Still, that's a cool idea. As mark-and-sweep goes, anyway. :-} I'm rather more fond of copying garbage collectors--I like the determinism, the fact that (normally) the memory address of each object after a full copying GC will depend only on the structure of the graph of objects, and not on the memory addresses of the objects prior to the GC. (In other words, it destroys the information "what the memory address of each object was before this GC". This implies a somewhat higher inherent cost, to eliminate this entropy. See [1] for musings about the relation of this to thermodynamics.) In particular, whether you have fragmentation issues won't depend on the past history of your program. (You could say that the space lost to fragmentation is fixed at a factor of 2.)

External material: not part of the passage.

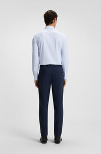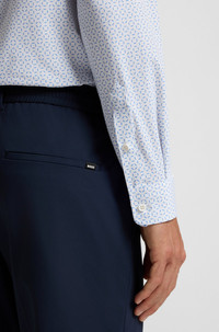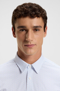 DETAILS Offering stretch comfort and moisture management, this BOSS Menswear shirt has a contemporary print. Italian fabric. Cut to a clean slim fit. Slim fit Kentkragen Round cuffs Standard length P-ROAN-kent-C1-233 - 50550734 QUALITY & CARE INSTRUCTIONS Machine Wash Cold Gentle Do Not Bleach Quality: 87% Polyamide, 13% Elastane Iron Low Heat Dry Clean Only Do Not Tumble Dry

Checking the mark bit can be quite cheap, though, particularly if you store the mark bits in their own array - the next several bits will be in-cache. Still, the overall performance is likely to vary quite a bit for either scheme depending on the project's other quirks. Mark-sweep has the advantage that it doesn't need to move objects, but copying is easier with variable-size allocations, etc.
Another disadvantage with lazy sweeping is I don't see a clear way to make it generational. (Right?)
Mark each arena with the last time something was collected from it and just skip sweeping old pages until X cycles have passed? Just thinking out loud... that check wouldn't save time for half-pages of old objects.
The problem with applying Appel's argument in practice is that it only shows that copying garbage collection is better if you are willing to waste RAM. In practice, if you had a 1 MB working set and 100 MB of RAM, you would probably want to use most of the extra 99 MB for caching even slower levels of your storage hierarchy.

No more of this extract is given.